Effects of temperature on the establishment potential of the predatory mite Amblyseius californicus McGregor (Acari: Phytoseiidae) in the UK

Amblyseius californicus was introduced into the UK in the early 1990s as a biocontrol agent against glasshouse red spider mite Tetranychus urticae. This study investigated the effects of temperature on the establishment potential of A. californicus in the UK in the light of recent reports of their successful overwintering outside of glasshouse environments. The developmental thresholds were 9.9 and 8.6 °C respectively using simple and weighted linear regression. Using the day-degree requirement per generation calculated by weighted regression (143 day-degrees) in combination with climate data, it was estimated that up to seven generations would be possible annually outdoors in the UK. Non-diapausing adult females froze at −22 °C, with 100% mortality after reaching their freezing temperature. Up to 90% of mites died before freezing after short exposures to low temperatures.

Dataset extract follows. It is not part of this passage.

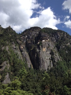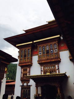 Mit dem Wetter hatten wir Glück. Die durchnittliche Seehöhe von fast 3,000 m konnte ich recht gut vertragen. Wir fuhren durch herrliche Wälder (80% von Bhutan ist bewaldet), sassen an reißenden Flüssen, deren klares Wildwasser von den Himalayagletschern kommt, kletterten zu Klöstern hinauf, die wie Schwalbennester an Bergwänden kleben und träumten hochgebauschten Wolkensegeln nach. Immer wieder freute ich mich am heimischen Baustil. Nicht nur Klöster, Tempel und Burgen, sondern auch die Bauernhäuser sind bis in die kleinste Einzelheit mit Liebe gestaltet und drücken Selbstsicherheit und künstlerisches Feingefühl aus. Zum Glück stellt die allgemeingültige Bauordnung sicher, dass Neubauten sich gut dem traditionellen Stil einfügen; sogar in den Städten konnte ich das mit Freude feststellen. (Wie leicht wir doch Österreichs Schönheit so behüten könnten, wenn auch bei uns Kulturbewusstsein statt Gewinnsucht maßgebend wäre.)
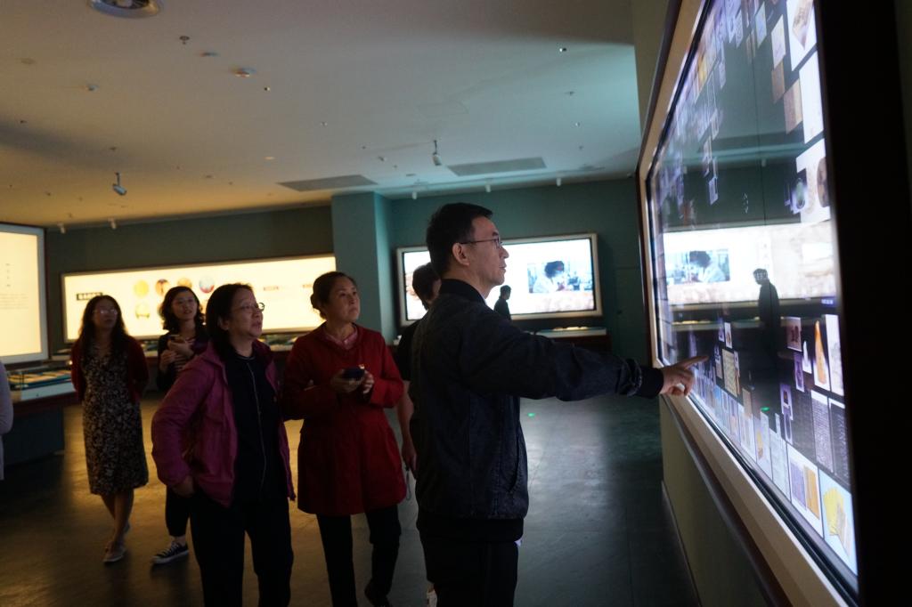 在挑空两层的“国家书房”,3万余册经典展现了厚重的文化底蕴;“真理之光——马克思主义中国化时代化经典版本展”汇集了千余件马克思主义著作经典版本;还有极具时代特色的中小学教材、文学作品、期刊创刊号、音像制品……这些宝贵的典籍版本作为传承中华优秀传统文化的媒介和载体,记录见证了中华文明的生生不息。参观过程中,大家认真聆听,彼此交流分享,在感悟中华文化的源远流长,重温马克思主义中国化的光辉历程中,坚定了文化自信,更加深刻理解了“两个结合”的重大意义。

Significant acclimation responses occurred; 90% of acclimated individuals survived 26 days exposure at 0 °C and 11 days at −5 °C (acclimated mites were reared at 19 °C, 6L:18D followed by 1 week at 10 °C, 12L:12D). Non-diapausing adult females survived over 3 months outdoors in winter under sheltered conditions and oviposition was observed. The experimental protocol used in this study is discussed as a pre-release screen for the establishment potential of other Amblyseius species, and similar non-native biocontrol agents.